We wish our students to be intellectually sharp, agile thinkers – we are an Advanced Thinking School, and proud of it!

Maidstone Grammar School for Girls is currently one of only four Advanced Thinking Schools in the secondary sector, as accredited by the University of Exeter. We believe that advanced thinking plays an important part in helping our students learn as effectively as possible and equips them with the resilience, persistence and independence for a successful future.

Our vision is to create an ethos within the school so that effective learning dispositions become an integral part of our students’ nature. We wish our students to be intellectually sharp, agile thinkers who can think creatively and understand the subtlety & nuance of language and argument. We also want them to be able to draw upon learning experiences & strategies to help solve problems and questions that they do not automatically know the answers to.

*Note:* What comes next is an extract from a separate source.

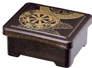
⑤ TA耐熱象足丼重 U-1-12 梨地御所車内朱塗 ¥2,650 (16.8×14.3×7.6) 幅60

By concentrating upon the thinking and learning processes we hope our students will be able to develop effective dispositions or ‘Habits of Mind’ including striving for accuracy, thinking flexibly, asking perceptive questions and being able to ‘think about thinking‘. Understanding the latter helps the person know how to go about solving a problem.

MGGS and the University of Exeter Logo

The school’s intention to develop students’ learning through ‘enquiry, extension and enrichment’ is exemplified well in the Year 7 ‘Big Questions’, and is proving highly successful in developing personal initiative and thinking skills.

Ofsted

In lessons students will be encouraged to use their thinking skills in a variety of ways including:

  • Developing the ability to ask perceptive and thoughtful questions to enhance learning

  • Developing Higher order thinking skills: being able to analyse, synthesise and evaluate ideas and information along with creative thinking are all higher order thinking skills

  • Developing Creative thinking: being able to ‘think outside the box’, to look at problems and issues from different perspectives and offer different, unusual and unique solutions

  • Using a range of ‘thinking tools’ such as Edward De Bono’s Six Hats and David Hyerle’s Thinking Maps and Tony Ryan’s Thinker’s Keys to support the learning process.

Find out more about Thinking Skills

The school has a very visible and strong ethos, in which students are encouraged to develop as articulate, critical, creative and reflective thinkers, and it is evident that Thinking Skills approaches are central to student learning and development.